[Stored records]
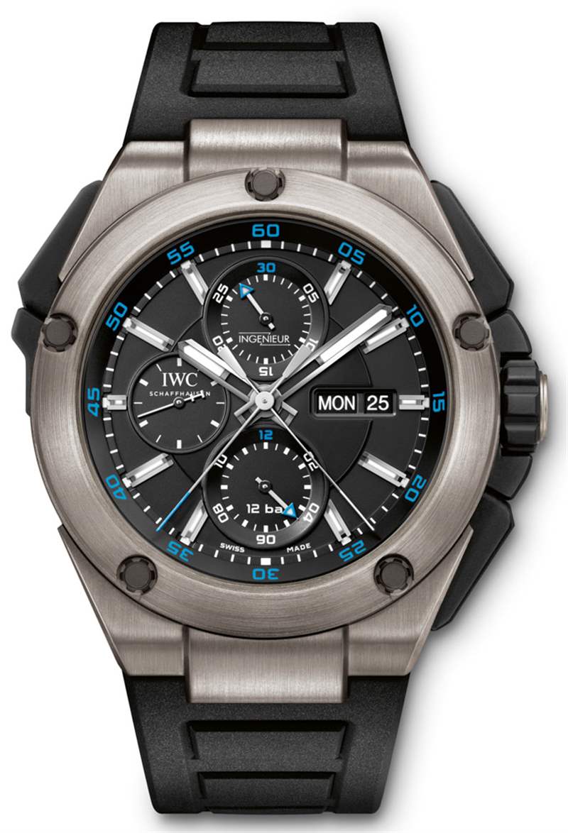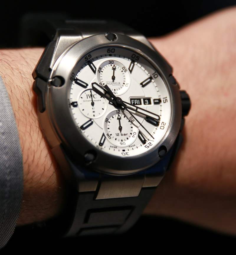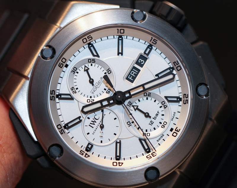 IWC 萬國表為 Ingenieur Double Chronograph Titanium 提供兩種表盤顏色。一個(gè)是黑色和藍(lán)色調(diào),但我們一直被“鍍銀”色調(diào)的表盤所吸引。雖然不完全是白色,但它幾乎是白色的運(yùn)動(dòng)手表表盤——我們喜歡它們。在我們對(duì) Porsche Design Flat Six P’6310 手表的評(píng)測(cè)中,我們討論了生產(chǎn)輕型表盤運(yùn)動(dòng)手表的困難,以及如何取得成功。關(guān)鍵是正確的黑色材料和缺乏反射率。粗輪廓的黑色指針和應(yīng)用的小時(shí)指示器很好地執(zhí)行了這一點(diǎn)。雖然表盤帶有一絲光澤,但工程師雙人計(jì)時(shí)碼表鈦金屬表盤上的所有指示器都以美麗的樂器風(fēng)格脫穎而出。
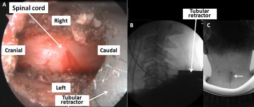 Cervical Microendoscopic Interlaminar Decompression through a Midline Approach in Patients with Cervical Myelopathy: A Technical Note. Oshima Y, Takeshita K, Inanami H, Takano Y, Koga H, Iwahori T, Baba S, Tanaka S. J Neurol Surg A Cent Eur Neurosurg. 2014
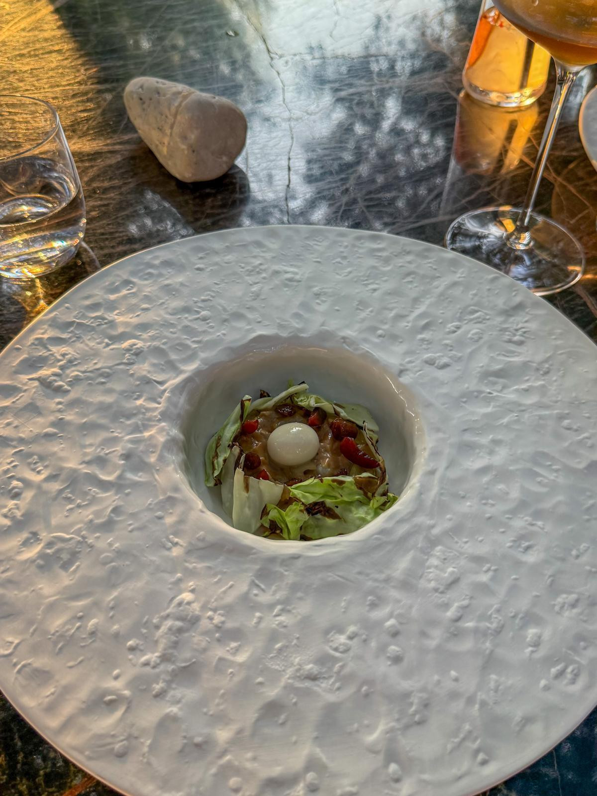 Kako popratiti tako bogat drugi slijed? Još snažnijim, mesnatijim, posve genijalnim zeljem. Koliko smo načuli, ključnu ulogu odigrao je vrhunski sous chef Dominik Mrkonjić, i zaslužuje pljesak. Tri lica zelja. Salata od mariniranog zelja, ragu od zelja i paškog sira i pečeno zelje, podignuto ukiseljenim grožđicama i fermentiranim trešnjama. To je onaj Ratatouille trenutak kada pred vas dolazi naizgled jednostavno jelo, duboko ukorijenjeno u tradiciju, a dotjerano do točke da zamolite konobara za reprizu, te vam pero ispadne iz ruke. Uz genijalno zelje pili smo jednako posebno jantarno vino Ocu 2021, stopostotni macerirani gegić koji je nastao kao Šuljićeva posveta svome ocu.
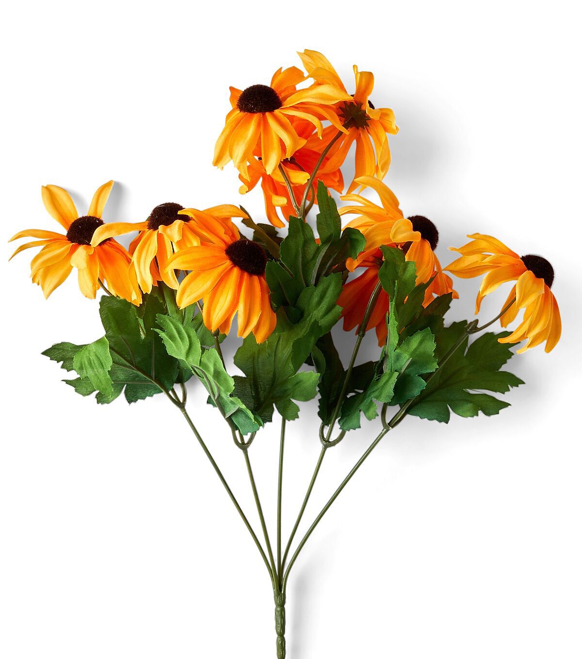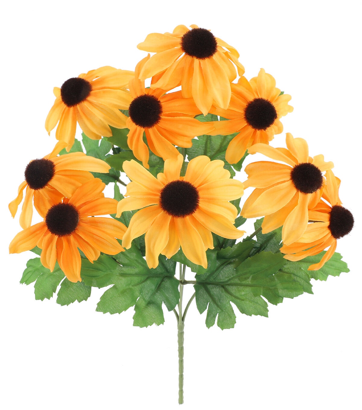 Enliven your springtime home decor with the Summer Yellow Black Eyed Susan Bush by Bloom Room. This beautiful faux bush is crafted with black-eyed Susan blooms in a bright yellow shade and leaves in green. It will make the perfect standalone display for your entryway table. You can also team it with a hydrangea floral bush in white and showcase them on the center table.
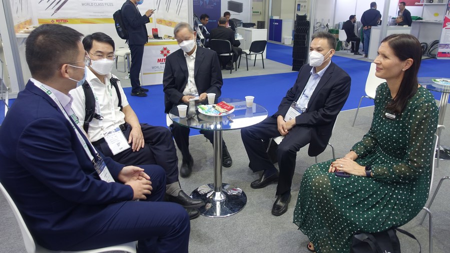 Representatives of enterprises from China's Zhejiang Province hold business talks with merchants in Dubai, United Arab Emirates, Dec. 8, 2022. (Xinhua)
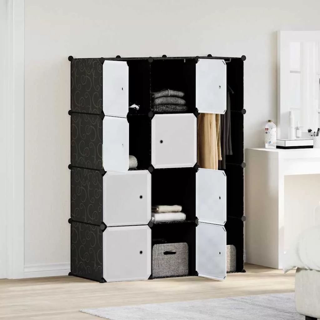 vidaXL fekete/fehér szekrény 9 tárolórekesszel 109x36,5x143 cm

● **Directions for this task**:
The records above should be copied word for word, with the pictures left out.

● **Finished exercise**:
 IWC 萬國表為 Ingenieur Double Chronograph Titanium 提供兩種表盤顏色。一個(gè)是黑色和藍(lán)色調(diào),但我們一直被“鍍銀”色調(diào)的表盤所吸引。雖然不完全是白色,但它幾乎是白色的運(yùn)動(dòng)手表表盤——我們喜歡它們。在我們對(duì) Porsche Design Flat Six P’6310 手表的評(píng)測(cè)中,我們討論了生產(chǎn)輕型表盤運(yùn)動(dòng)手表的困難,以及如何取得成功。關(guān)鍵是正確的黑色材料和缺乏反射率。粗輪廓的黑色指針和應(yīng)用的小時(shí)指示器很好地執(zhí)行了這一點(diǎn)。雖然表盤帶有一絲光澤,但工程師雙人計(jì)時(shí)碼表鈦金屬表盤上的所有指示器都以美麗的樂器風(fēng)格脫穎而出。
 Cervical Microendoscopic Interlaminar Decompression through a Midline Approach in Patients with Cervical Myelopathy: A Technical Note. Oshima Y, Takeshita K, Inanami H, Takano Y, Koga H, Iwahori T, Baba S, Tanaka S. J Neurol Surg A Cent Eur Neurosurg. 2014
 Kako popratiti tako bogat drugi slijed? Još snažnijim, mesnatijim, posve genijalnim zeljem. Koliko smo načuli, ključnu ulogu odigrao je vrhunski sous chef Dominik Mrkonjić, i zaslužuje pljesak. Tri lica zelja. Salata od mariniranog zelja, ragu od zelja i paškog sira i pečeno zelje, podignuto ukiseljenim grožđicama i fermentiranim trešnjama. To je onaj Ratatouille trenutak kada pred vas dolazi naizgled jednostavno jelo, duboko ukorijenjeno u tradiciju, a dotjerano do točke da zamolite konobara za reprizu, te vam pero ispadne iz ruke. Uz genijalno zelje pili smo jednako posebno jantarno vino Ocu 2021, stopostotni macerirani gegić koji je nastao kao Šuljićeva posveta svome ocu.
 Enliven your springtime home decor with the Summer Yellow Black Eyed Susan Bush by Bloom Room. This beautiful faux bush is crafted with black-eyed Susan blooms in a bright yellow shade and leaves in green. It will make the perfect standalone display for your entryway table. You can also team it with a hydrangea floral bush in white and showcase them on the center table.
 Representatives of enterprises from China's Zhejiang Province hold business talks with merchants in Dubai, United Arab Emirates, Dec. 8, 2022. (Xinhua)
 vidaXL fekete/fehér szekrény 9 tárolórekesszel 109x36,5x143 cm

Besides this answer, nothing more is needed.